Creative Commons License

Quick and dirty storage

Linux Terminal showing a lot of drives

With the advent of low cost, high capacity storage solutions, and really easy SAN tools baked into most linux distros, a DIY SAN solution is a lot easier then it might seem.

Lets start with the hardware. Depending on your needs, a BackBlaze Storage Pod might be right up your alley, or a SuperMicro 24 disk 2U SAS chassis with 15k RPM SAS drives might power your virtual database.

Linux Terminal showing a lot of drives

The Backblaze is an awesome solution - for massive, low cost storage. Since you are not using RAID cards, you’ll want to use mdadm to arrange the drives into a big RAID10 array. You loose 50% of your space to redundancy - however you gain short rebuild times, and the ability to survive multiple drive failures. You also get quite a nice speed boost, if that’s at all important to you. I’d suggest 2 GigE network interfaces, bonded together. You’re not concerned about massive speed, however the ability to get good transfer rates no matter what else is happening is nice.

If you are using one of the 24 disk 2U chassis, you’ll have hardware RAID - and I’d use that. Again, RAID10 for speed, or a bunch of RAID5’s for smaller filesystems. You can even build out a RAID50 using a few RAID5’s and LVM on top of them. For a machine like this, I’d use the two built in GigE ports for the management interfaces, and then add a 4 port card for the SAN traffic.

On top of the mdadm RAID array, you can put LVM, if you wish. You gain the ability to snapshot and move filesystems. I’ve personally set it up with and with out LVM. It totally depends on the use case and your comfort level with LVM.

The next item in the stack is the filesystem. On linux I like to use XFS, as it deals with large files well and is stable and mature. On BSD ZFS is the flavor du jour, and is well supported.

Beyond that, there are several choices you will need to make. Are you going to expose the filesystem using NFS (targeting macs, VMWare or Linux), Samba and CIFS (Targeting Windows machines) or iSCSI (building out a real SAN solution)?

Any choices you make on how to deliver the data you’ll want to take a look at the network layout closely. Separate switches for the SAN are preferred, however a VLAN works as well. You’ll want to enable jumbo frames, and give the SAN interfaces separate, non-routable address space. One of the tactics that I have seen is to give the SAN device a single network interface on the data network, so that it is remotely manageable, and dedicate the rest to the SAN network.

With the advent of built in iSCSI initiators in Windows Server 2008, and the fantastic iSCSI IET project, the barriers to entry with iSCSI have come down a lot. It’s simple to spin up an iSCSI target on a linux box, and then mount it on windows, VMWare, or linux machines.

Here is how I proceeded:

First I obtained my storage device. I installed Debian 6, and the following packages

apt-get install iscsitarget iscsitarget-dkms lvm2 xfsdump xfsprogs

I arranged the disks into a RAID10 using mdadm. Then I layered LVM and then XFS on top of it.

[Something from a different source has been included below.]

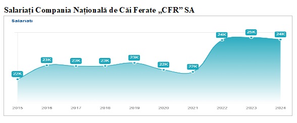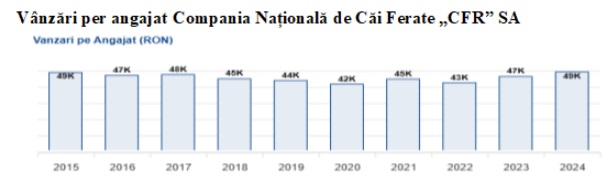 Aceste concluzii reies din datele financiare analizate pe platforma RisCo.ro. Potrivit ultimei raportări, Compania Națională de Căi Ferate „CFR” SA este cel mai mare angajator din România, cu 24.493 de salariați. În ciuda dimensiunii forței de muncă, compania a înregistrat o cifră de afaceri de 1,2 miliarde lei și o pierdere netă de 432 milioane lei. Indicatorii de productivitate arată vânzări de aproximativ 49.000 lei per angajat, în timp ce pierderea per angajat a fost de 18.000 lei. CFR este deținută integral de statul român, prin Ministerul Transporturilor.

To host the acutal iSCSI device, I created a sparse file using the linux dd command. This basically works as a quota, with an option for easy growth. The exact command that I used to create the sparse file is

dd if=/dev/zero of=/path/to/file/name bs=1 count=1 seek=size

For a iSCSI share aimed at a linux host, you will want to then put a filesystem on the sparse file. (confusing, eh?). I used the command

mkfs.xfs /path/to/file/name

If you were going to be mounting the device on a windows machine, I’d use the windows tools to format it using NTFS. Just mount the iSCSI device on the windows machine, and use the tools there to prepare and format it.

Sizing the file can be a daunting proposition. However, don’t worry. It’s really easy to grow the device when you need to. Just use the same dd command, with a larger size switch. You’ll want to back up the file first, and test how the filesystem handles growth before you try this on real, live data.

Now you have to set the device up as an iSCSI target. Using IET is actually really simple. The conf file pretty much explains itself. On Ubuntu the file is at /etc/ietd.conf - and on debian 6 it’s at /etc/iet/ietd.conf. Not really concerned about security (this being a test enviroment) I only added 1 line to the ietf.cong file:

Target iqn.2005-00.nokes.name:storage.vol1.pool.lvm

And presto, instant iscsi target goodness.

As an aside, you can also mount the device locally, if you have filesystem support for it. For example,

mount -t xfs -o loop /pool/iscsitarget /mnt/

would mount my xfs formatted sparse file onto the /mnt directory.

In retrospect, a home built SAN solution is a lot less expensive, and a lot easier then you’d think.